My class is writing a website for an aviation-related charity, and I bet you didn’t know those existed. We had one of the chairpeople in class today to answer questions and discuss the organization and their air race. She spoke sternly about the dearth of women in engineering, and of course she’s right.
I went home and wrote more blog posts, including one about the threatened future of engineering, so that was handy.
Janalisa and I then met with a client. It could have been a meeting to discuss whether or not he wanted to keep our services. I’ve had clients like that. They want you to prove your worth or perhaps beg for your job or something. I don’t like that. I’m willing to show our results, but I like to think that we’re partners working toward their goals, and if they don’t want to work with me, well there are plenty of fish in the sea.
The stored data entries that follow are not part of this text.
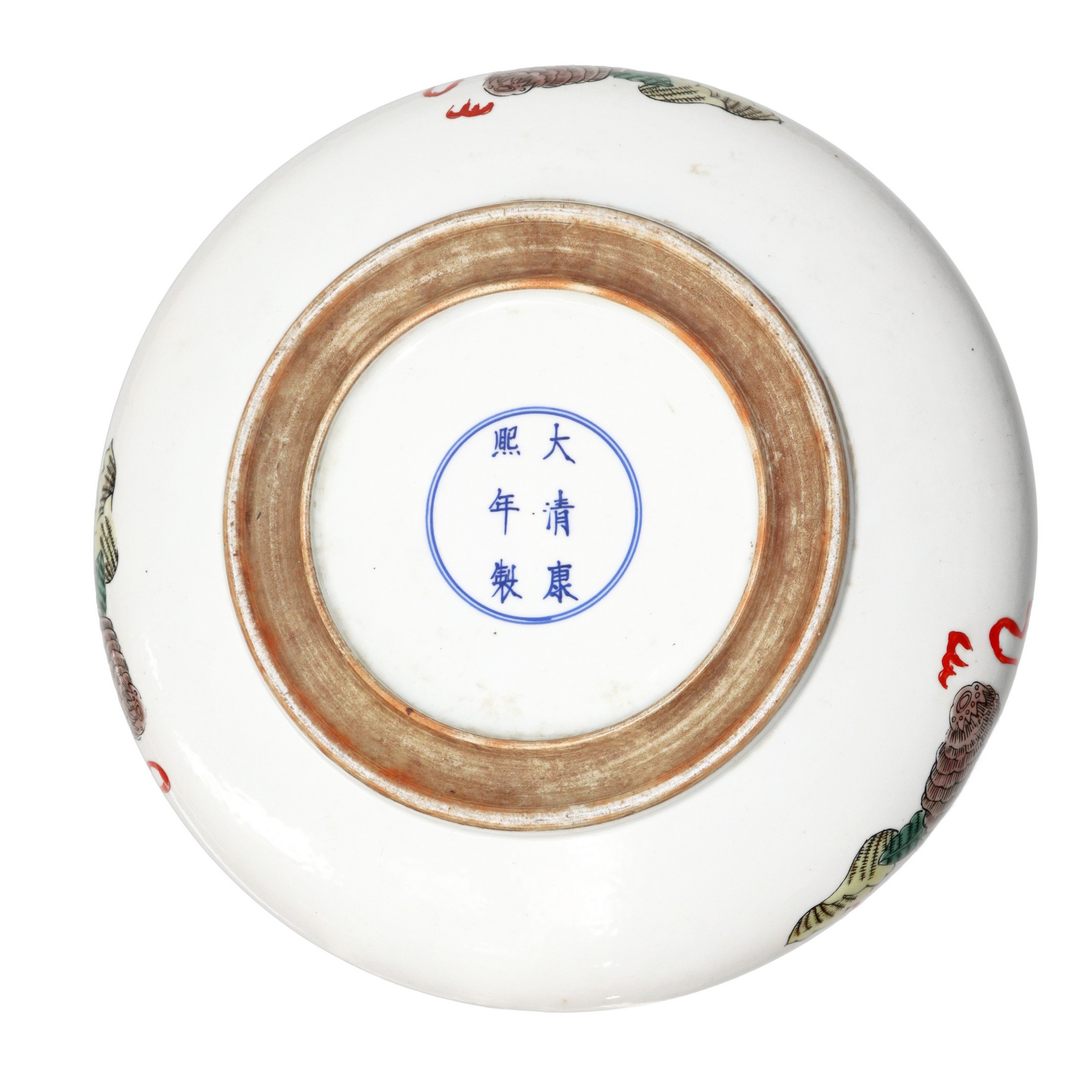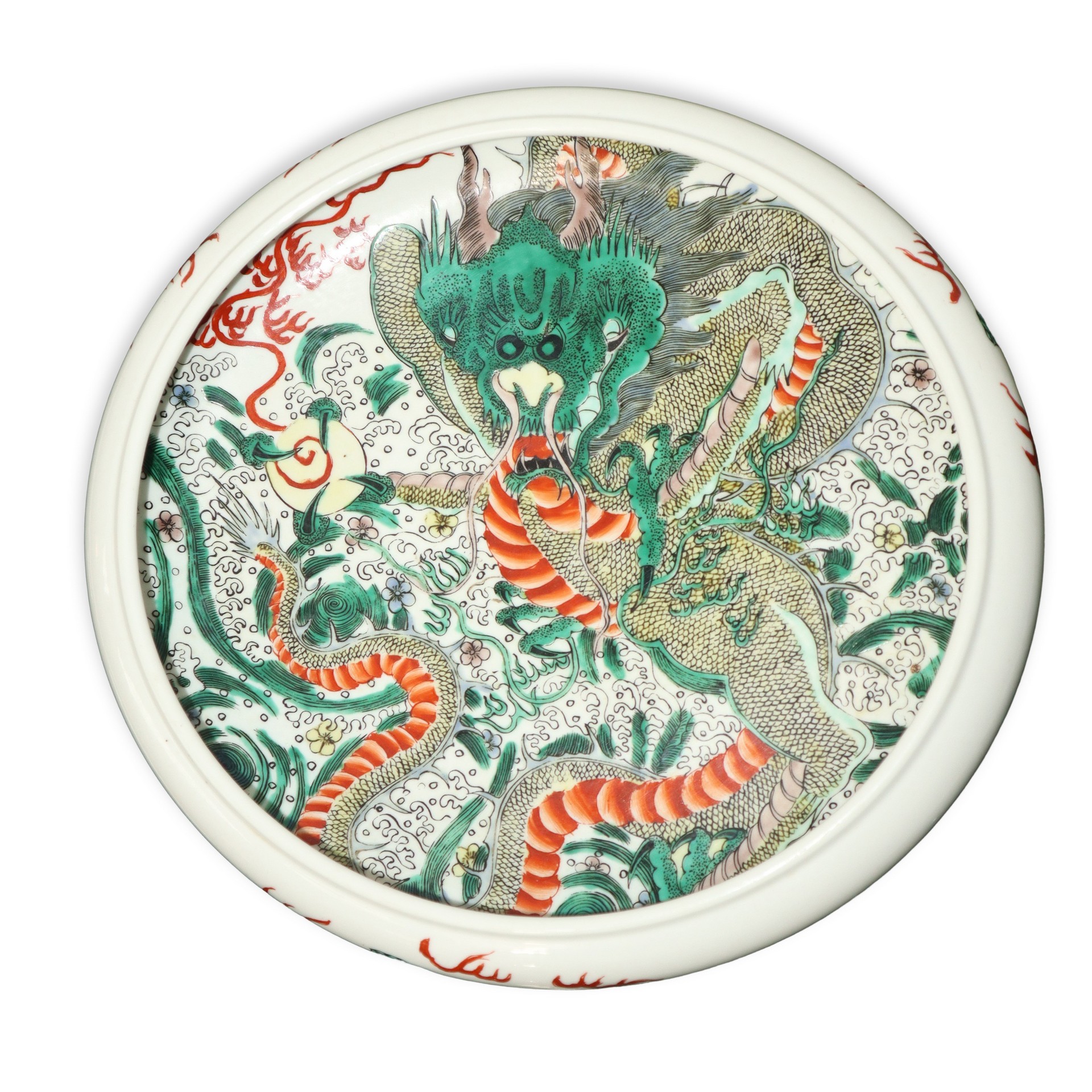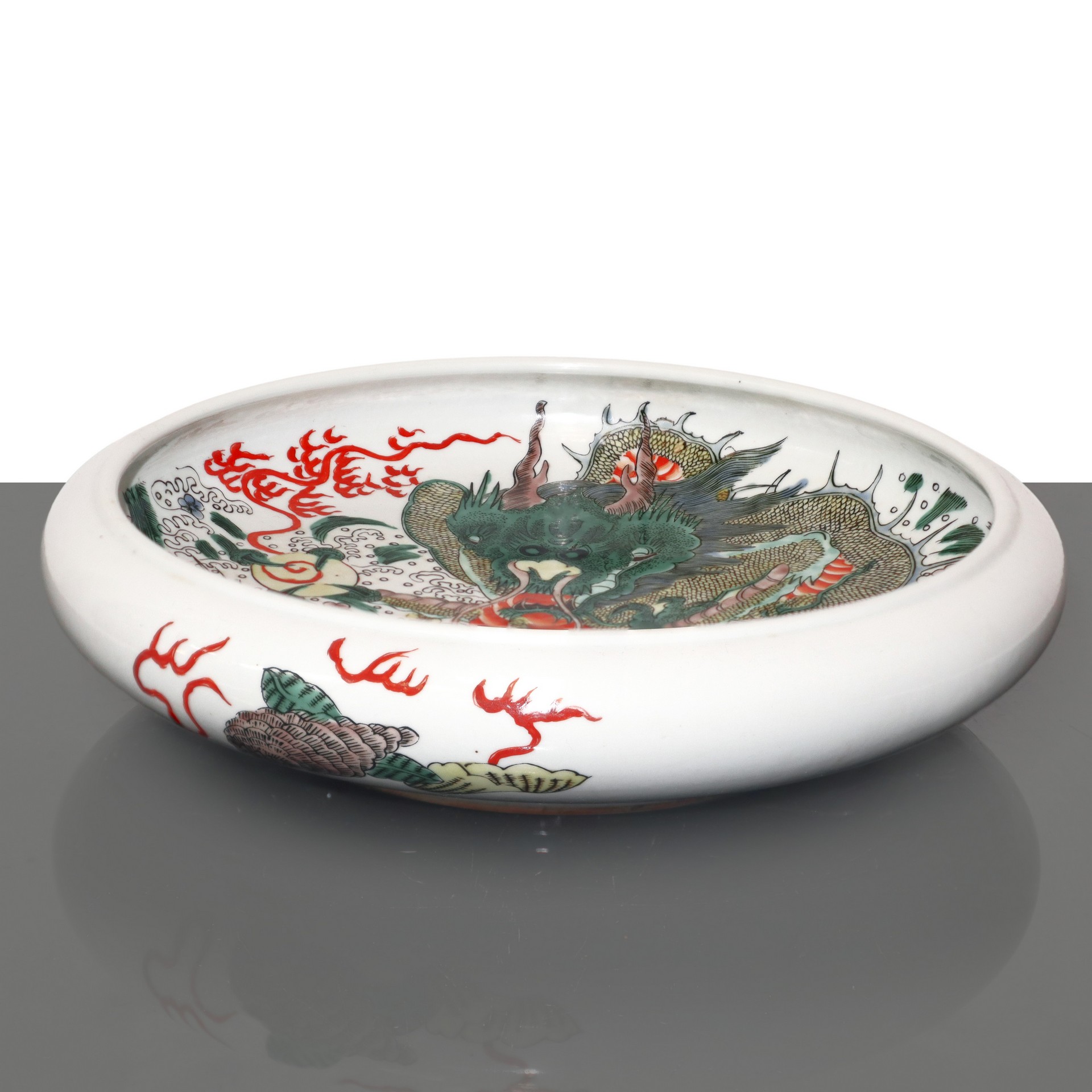 Grande lavapennelli con dragone verde e decori vegetali h 7cm diam. 28,5 Iscrizione alla base.
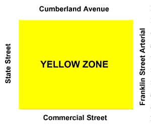The parking ban will be in effect within the “yellow zone” – the downtown business district bounded by Commercial Street on the south, Cumberland Avenue on the north, Franklin Street Arterial on the east and State Street on the west.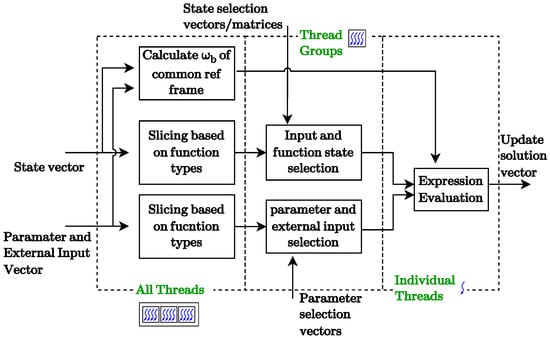 The software implementation of the GPU consists of execution units defined as threads, blocks, and grids, with the threads being the smallest execution unit. The number of threads per block and the number of blocks per grid can be defined so as to optimize the performance gain. This requires similar functions to be combined into thread groups that can fit into individual blocks. As a result, each group of functions (lines, buses, sources, etc.) is assigned to a group of threads identified by unique thread identifiers, and each function is assigned to a particular thread. Depending on the type of function, it may contain computation of a number of DAEs. The dynamic phasor model discussed in Section 1 consists of three main types of DAEs. These include:

Janlisa doesn’t take that attitude, fortunately.
Even more fortunately, that wasn’t what was up today. The client appeared to want advice and instruction, and I’m good at that, so I spent an hour or two being bossy about his website and then Janalisa and I caught up a bit, and then I went home and blogged some more.
In a state of exhaustion, I watched The Daily Show and then headed off to choir.
If you are completely exhausted and want to do nothing whatsoever besides lying back and watching TV, you should go to choir. Singing will bring more oxygen into your bloodstream and the music will massage your eardrums. We had a trumpet as well. It was just as neatly arranged as the little duet in the video at the beginning of the post here.
I thought the “choice of color” remark was tacky. However the “we have fewer horses and bayonets” was nicely pointed.